CS Major Newly Employed at Google tells English Major to Follow her Dreams

English major Paige Turner was allegedly nearly shocked into a coma last Wednesday when she was told by her friend in computer science, Tanisha Castillo, to follow her dreams. Castillo had been reportedly offered a job at Google only minutes before the incident, and had gleefully run to tell Turner the news. “I was genuinely happy for her,” said Turner. “There was no doubt in my mind that she had put in the work and that she genuinely deserved this position; but then she had to go and be a dick by telling me to follow my dreams.” Turner had told her friend only the day before that her dream was to work for The Onion or The New York Times, but that a career in teaching or writing instructional manuals was more likely. “After she heard that, she suddenly got so obnoxious,” Turner complained while rolling her eyes. “Like she just started telling me that I shouldn’t let my parents or my fear of failure keep me from shooting for the stars.”

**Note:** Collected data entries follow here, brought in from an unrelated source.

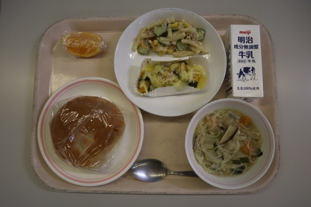 私たちの体は、毎日、毎食の食べた物からできています。そのため、成長期を迎え、大人になるための体を作る準備をしっかりしておかなければならない皆さんには特に食事の内容が大切です。色々な栄養素が必要ですが、現代の日本人が不足しがちだと言われているのが「鉄」です。鉄には肉や魚などの動物性 食品に多く含まれる「ヘム鉄」と、野菜や豆類などの植物性 食品に含まれている「非ヘム鉄」があります。「ヘム鉄」は体内に入ると吸 収しやすく、「非ヘム鉄」は体内の酵素の助けを借りて体内に吸 収されます。今日の給食では、「ヘム鉄」を含むあさりや「非ヘム鉄」を含む緑黄色野菜を使っています。しっかりかんで、胃酸を分泌させることで鉄分の体内への吸 収をより良くする助けになります。しっかりかんで食べましょう。
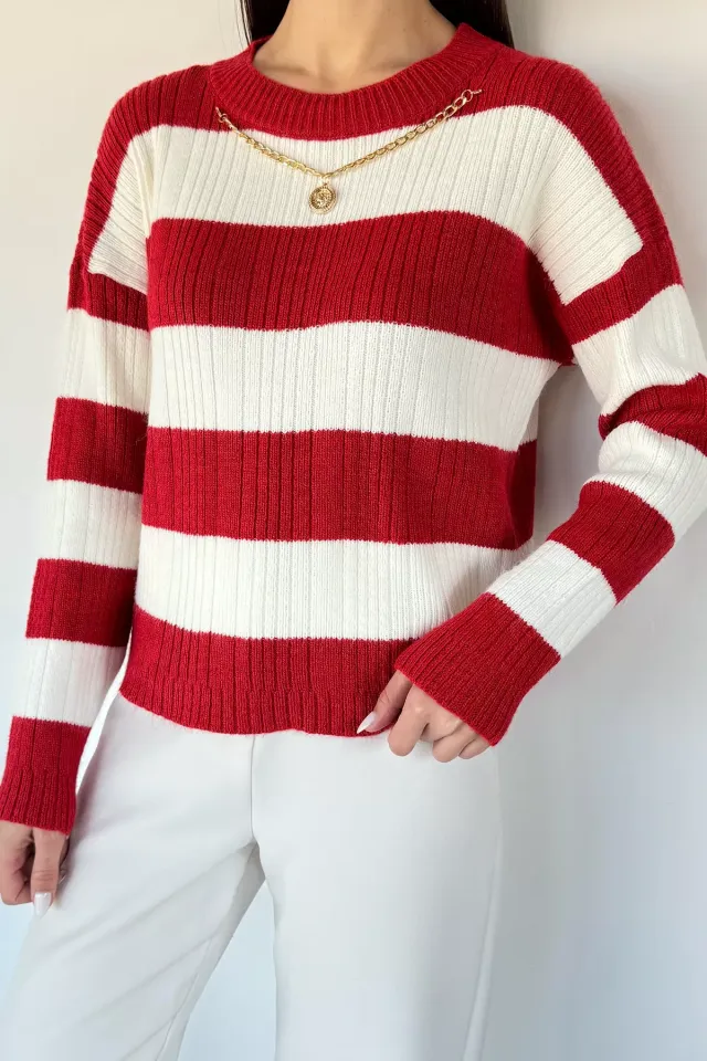 كنزة محبوكة مضلعة بياقة عالية ضيّقة - Beyond Store
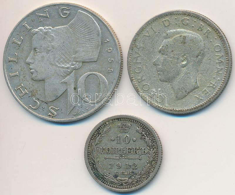 Vegyes: Ausztria 1958. 10Sch Ag + Nagy-Britannia 1941. 1Sh Ag "VI. György" + Orosz Birodalom 1912. 10k Ag T:2-,3
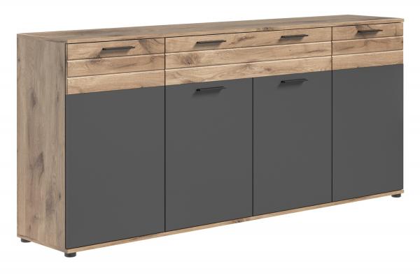 Nox Eiche Dekor - Grau matt - B 200 cm - 4 Türen - 1 Schublade
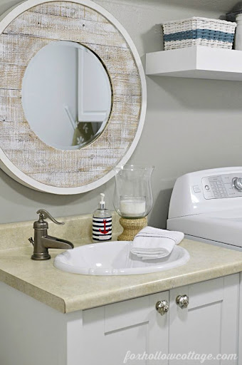 Nod To Nautical Bathroom Makeover Reveal Bathroom Makeover Nautical Bathrooms Mirrored Bathroom Accessories
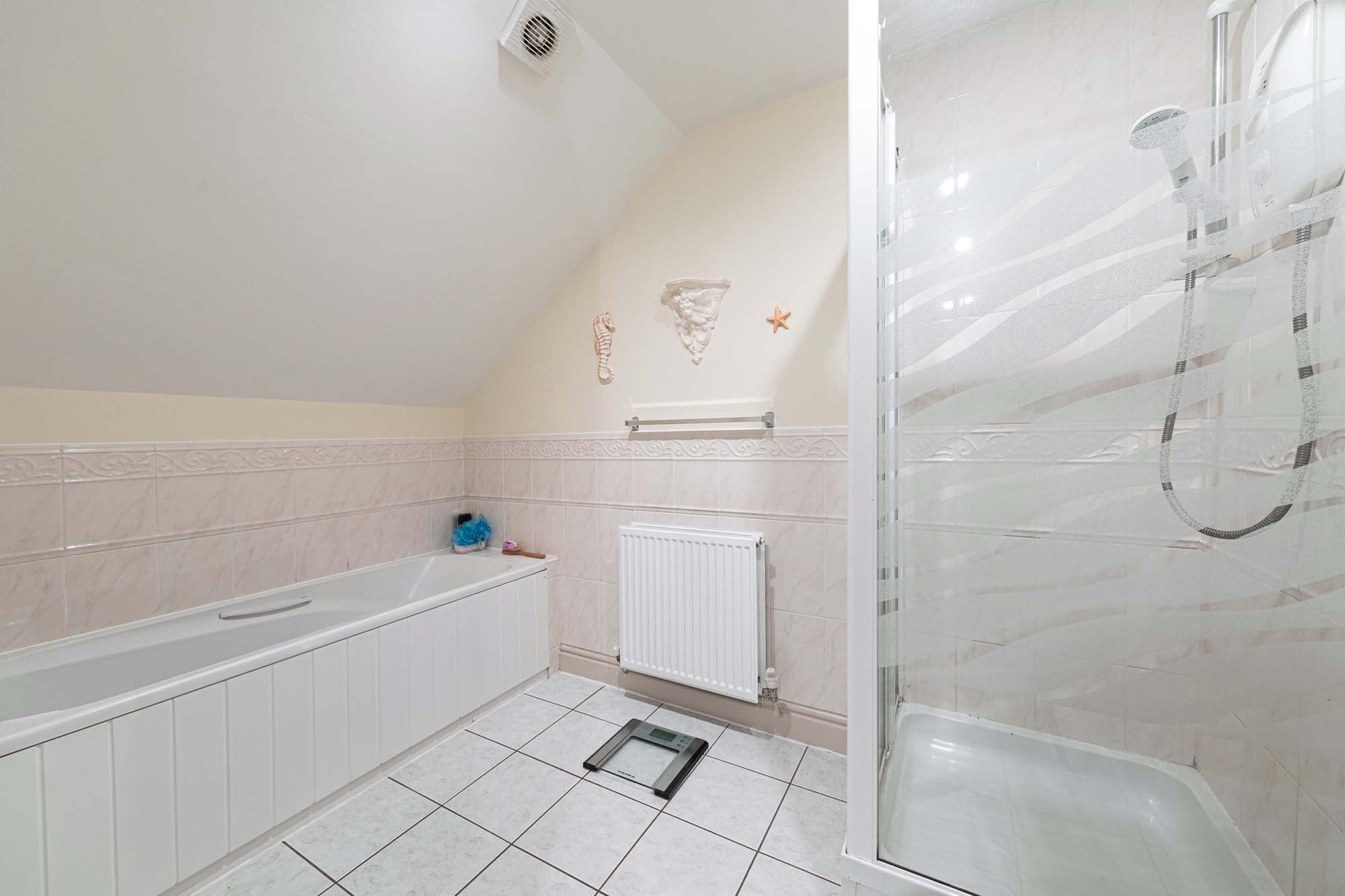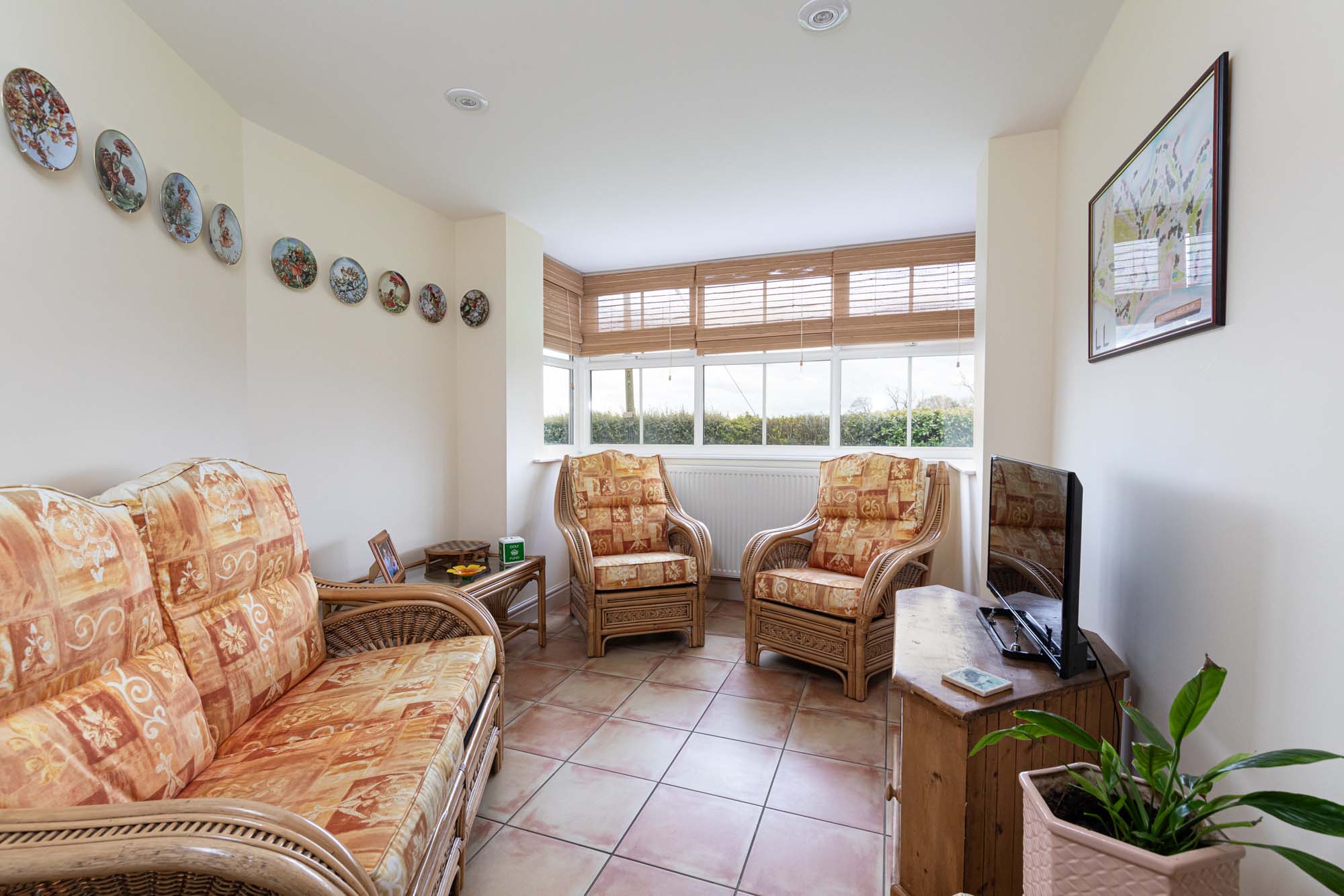 The lounge includes a large bay window that allows plenty of natural light, complemented by an electric fireplace, providing a comfortable setting for relaxation and entertainment. An additional sunroom offers a quiet place to unwind, secluded from the busier areas of the house. On the ground floor, two bedrooms share a bathroom with a separate shower.
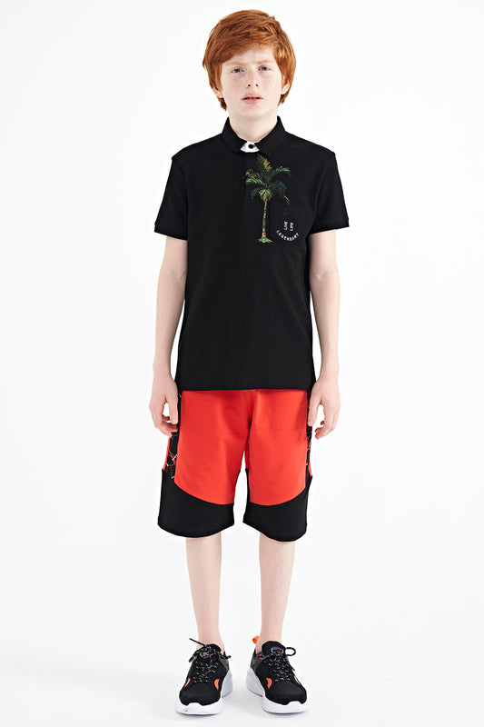 Black Printed Pocket Detailed Standard Fit Polo Collar Boys' T-Shirt - 11144

Studies have shown that computer science majors at Cal have a post-graduation employment rate of about 87% into the tech industry while comparatively, 93% of English majors spend their first five years post-graduation finding work at Starbucks, small family owned bookstores, succulent shops, and writing plays for local theater companies to perform. “It’s really not the same thing,” said fellow English major Reid Story. “If some computer science major follows their dream and designs a new app for finding the best organic juice bars or whatever, accomplishing that dream is for sure going to get them enough money to contribute to gentrification in Oakland. If I followed my dream, I’m pretty sure I’d only be able to afford a spot in People’s park, sleeping next to a trash can.”

“I’m just tired of hearing the old platitudes over and over,” said Turner as she put her face in her hands. “How can I follow my dreams if they don’t follow me back?”